Anyone who follows this blog knows that I rarely hold a grudge and I don’t like kicking an individual or organization while it is down.  I am just not wired that way.  This week I am going to make an exception because of the lesson that can be learned for everyone in the agile community.  I am talking about Wells Fargo and their latest scandal regarding opening bogus new accounts for existing customers.

This isn’t the first time I have had my differences with Wells Fargo.  They were involved in a financial literacy campaign which denigrated humanities majors and liberal arts students.  Now thanks to federal regulators they are paying a $185 Million dollar fine for creating new accounts for customers without consent.  This gets to something the agile community call perverse incentives.

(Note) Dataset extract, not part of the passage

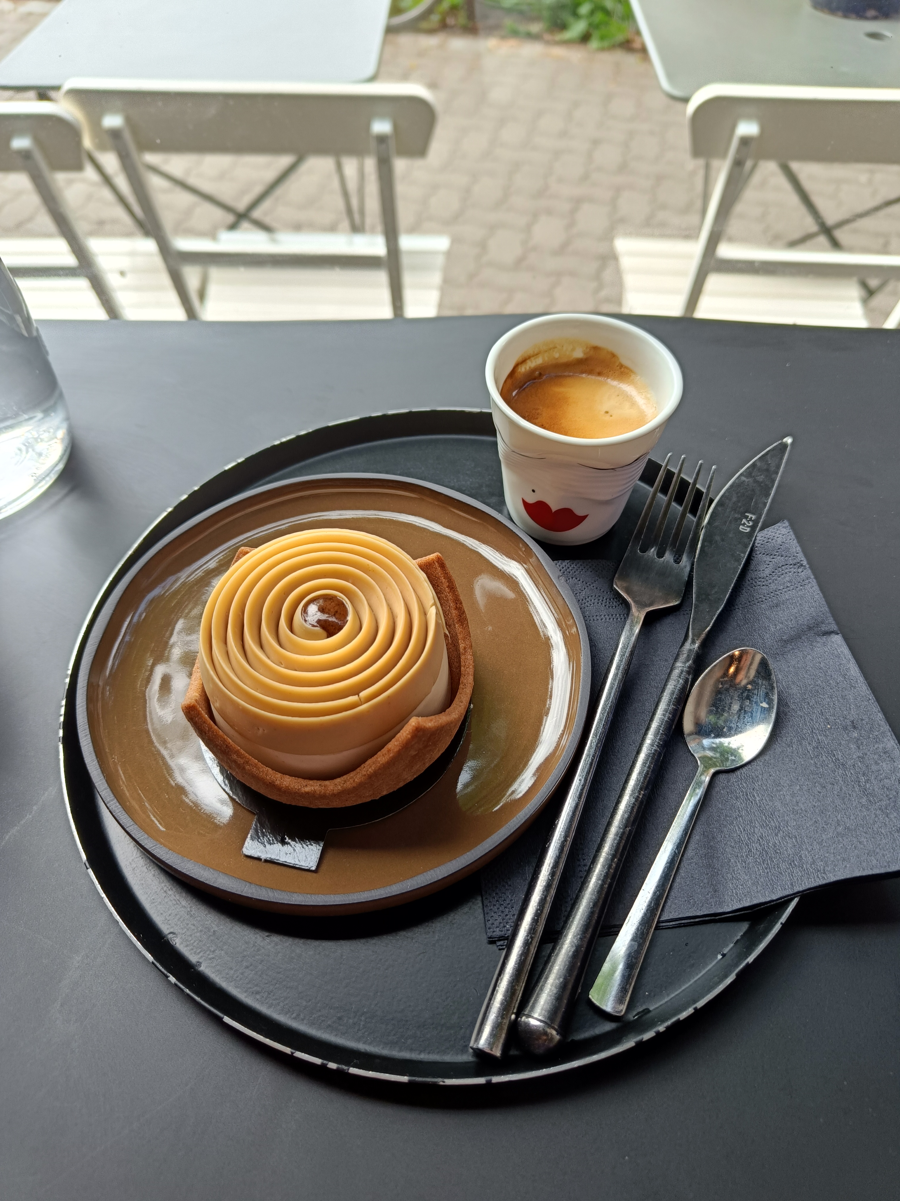 Je suis venu pour un thé et une pâtisserie. Je suis ressorti avec le sourire! Cette pâtisserie fût ma préférée de mon court voyage à Strasbourg. De la crème à la vanille et du caramel c’est un mélange de rêve. J’aimerais avoir un endroit comme ça où j’habite.

One of the central tenants of “scientific management” is that you measure how an employee does their job and then based on the data, as a manager, you figure out how to make that employee more efficient.  On the surface it seems like a smart idea.  A business person measures how work is done and then they strive to use that data to improve the speed and quality of the work.  This is where the perverse incentives come into play.  If you measure something and then use it as a performance incentive it ceases to be useful because it will force people to game the system to meet the metric.  This is called the “cobra effect” and I have blogged about it repeatedly.

Based on his testimony to congress, Well Fargo CEO John Stumpf said that he set up the incentives to “cross-sell” bank services to improve the company stock price.  This was the beginning of over two hours of uncomfortable questions and criticism from both Democratic and Republican congress members.  You know that you have done something bad when both Democrats and Republicans denounce you in public.

It did not have to be this way.  Stumpf could have measured performance and created training and education programs to make his staff learn how to better “cross-sell” products.  Instead, he used the blunt instrument of job incentives and it worked for a while until regulators and congress got involved.  Wells Fargo now faces additional investigation and possible criminal penalties.  It did not have to be this way but “cobra effect” can claim another victim and it could be a major American financial institution.